-- DATA EXCERPTS follows --
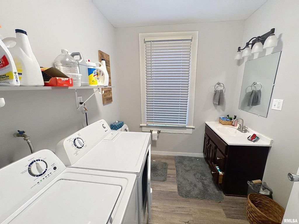 This inviting 1.5-story home offers a fantastic blend of space, convenience, and updates-perfectly situated near parks, schools, and everything Moline has to offer. Wander inside to a comfortable living room, a large eat-in kitchen, a full bathroom with laundry, a main-floor bedroom, and a mudroom for easy organization. Upstairs, you'll find two additional bedrooms, a half bath, and handy attic storage. The basement provides even more storage options, giving you plenty of room to spread out. Outside, enjoy a fenced backyard with direct access to the 2-car garage via the alley. Recent updates include: garage roof (2025), large tree removed (2025), blinds added to all windows, new furnace (2025), and new water heater (2023. If you're looking for a well-kept home in a convenient Moline location with great updates already done, this one is a must-see!
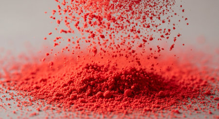 Bright red Holi powder explosion bursts vibrantly against a clean white background, symbolizing Indias iconic festival of colors. This image captures dynamic cultural energy, festive joy, and
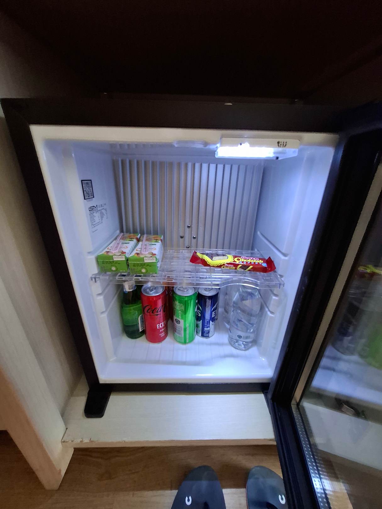Minibar bei Ankunft. Getränke werden, wenn leer aufgefüllt.
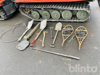 Utrustningspaket med skyfflar, snöskor med mera
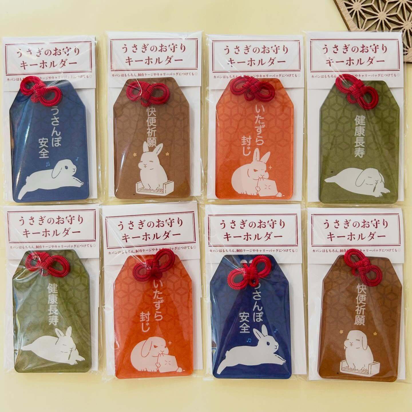 「ウサギノシモベ」さんの新作お守りキーホルダーが尊いです… 定番の『健康長寿』に加えて、『うさんぽ安全』、『快便祈願』、『いたずら封じ』が新登場! 【立ち耳・垂れ耳】対応なのが最高です 通院バッグやキャリーに付けて♪
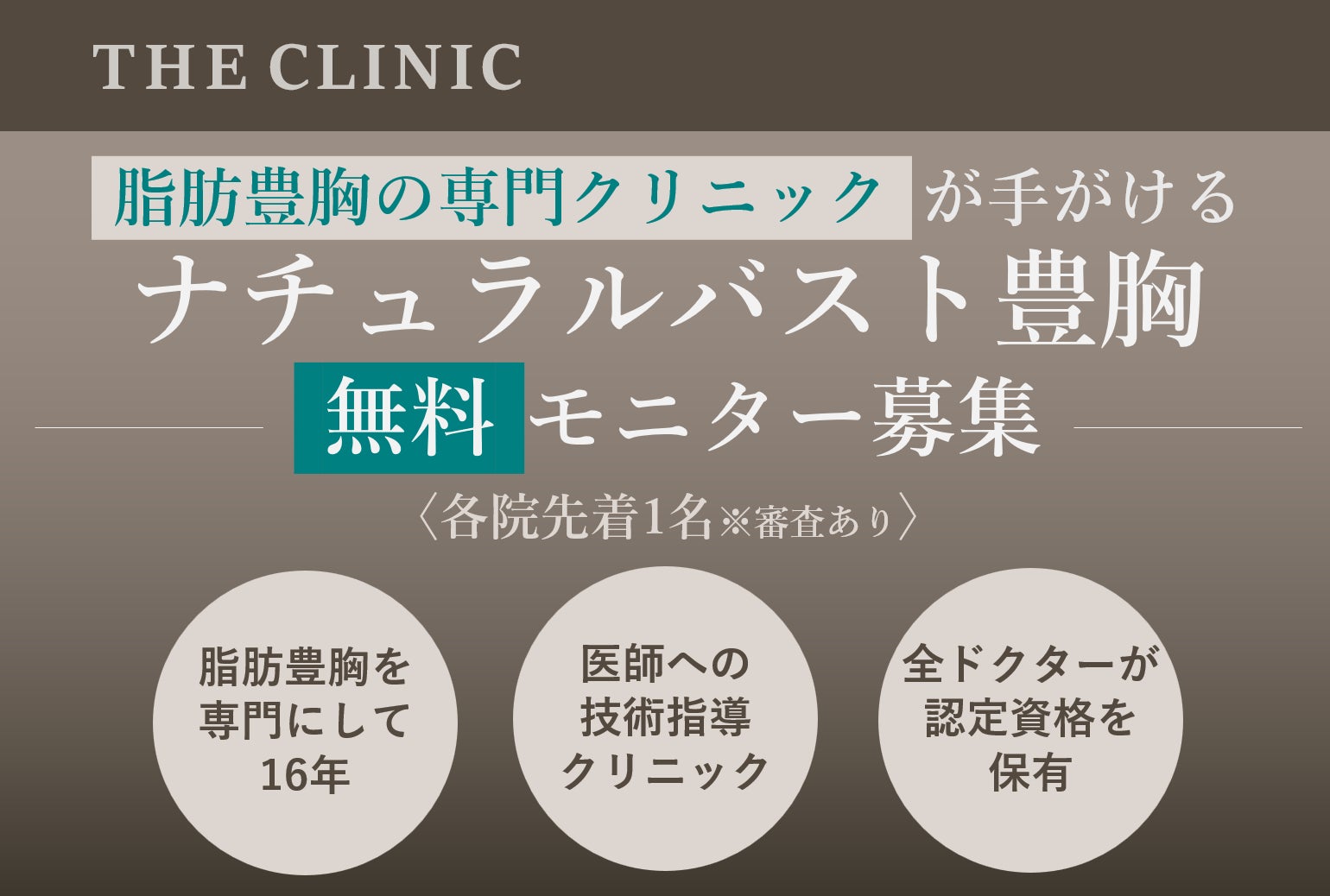 無料モニター募集に関する審査や条件の詳細情報につきましては、WEBサイト(https://www.theclinic.jp/feature/campaign-nb/)よりご確認ください。
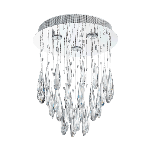 Светлина и функционалност Трите фасунги GU10 (по 50W, крушки не са включени в комплекта) осигуряват топло и уютно осветление, допълнително обогатено от пречупването в кристалните капки. Препоръчваме LED крушки GU10 за оптимална енергийна ефективност и по-дълъг живот на осветлението.
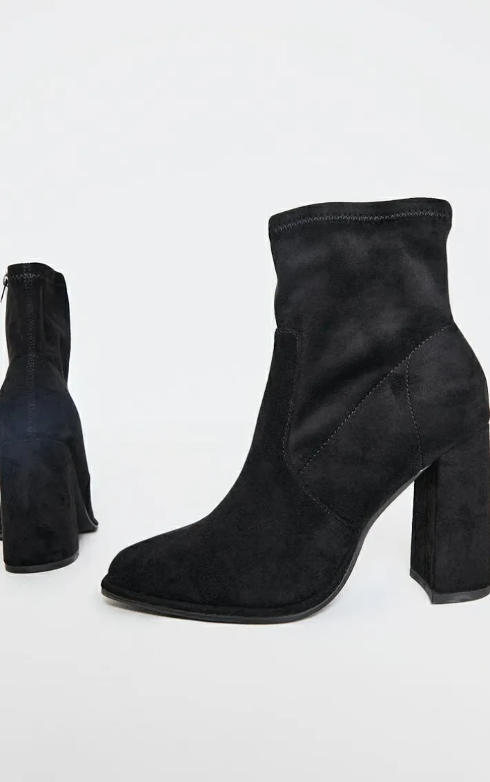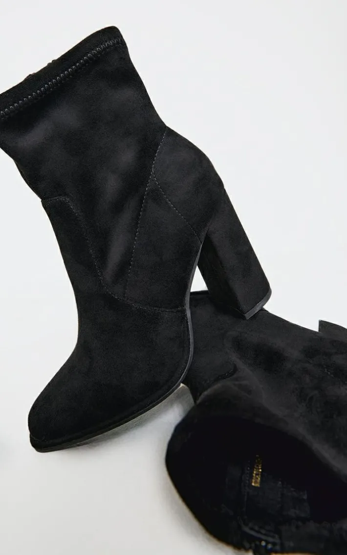 These black faux suede round toe high block stiletto heeled boots are about to become your new season staple. Made from a black faux suede material with a round toe design and high block heels, how can you resist? Style these heeled boots with your outfit of the day for the perfect finishing touch.
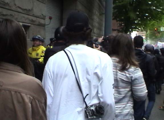 caught the officer's audio and what we think was his image on video, clearly angry. Overall, there was no sign that the officers intended to de-escalate the situation. As part of a group that sometimes organizes mass protests that receive permits (Peace and Justice Works) we are outraged that the police did not consult with the May Day organizers before sending in the riot squad and pulling the permit.
-- DATA EXCERPTS concluded --
ASSIGNMENT: Your task is to repeat the data above exactly while excluding the pictures.

SOLUTION:
 This inviting 1.5-story home offers a fantastic blend of space, convenience, and updates-perfectly situated near parks, schools, and everything Moline has to offer. Wander inside to a comfortable living room, a large eat-in kitchen, a full bathroom with laundry, a main-floor bedroom, and a mudroom for easy organization. Upstairs, you'll find two additional bedrooms, a half bath, and handy attic storage. The basement provides even more storage options, giving you plenty of room to spread out. Outside, enjoy a fenced backyard with direct access to the 2-car garage via the alley. Recent updates include: garage roof (2025), large tree removed (2025), blinds added to all windows, new furnace (2025), and new water heater (2023. If you're looking for a well-kept home in a convenient Moline location with great updates already done, this one is a must-see!
 Bright red Holi powder explosion bursts vibrantly against a clean white background, symbolizing Indias iconic festival of colors. This image captures dynamic cultural energy, festive joy, and
Minibar bei Ankunft. Getränke werden, wenn leer aufgefüllt.
 Utrustningspaket med skyfflar, snöskor med mera
 「ウサギノシモベ」さんの新作お守りキーホルダーが尊いです… 定番の『健康長寿』に加えて、『うさんぽ安全』、『快便祈願』、『いたずら封じ』が新登場! 【立ち耳・垂れ耳】対応なのが最高です 通院バッグやキャリーに付けて♪
 無料モニター募集に関する審査や条件の詳細情報につきましては、WEBサイト(https://www.theclinic.jp/feature/campaign-nb/)よりご確認ください。
 Светлина и функционалност Трите фасунги GU10 (по 50W, крушки не са включени в комплекта) осигуряват топло и уютно осветление, допълнително обогатено от пречупването в кристалните капки. Препоръчваме LED крушки GU10 за оптимална енергийна ефективност и по-дълъг живот на осветлението.
 These black faux suede round toe high block stiletto heeled boots are about to become your new season staple. Made from a black faux suede material with a round toe design and high block heels, how can you resist? Style these heeled boots with your outfit of the day for the perfect finishing touch.
 caught the officer's audio and what we think was his image on video, clearly angry. Overall, there was no sign that the officers intended to de-escalate the situation. As part of a group that sometimes organizes mass protests that receive permits (Peace and Justice Works) we are outraged that the police did not consult with the May Day organizers before sending in the riot squad and pulling the permit.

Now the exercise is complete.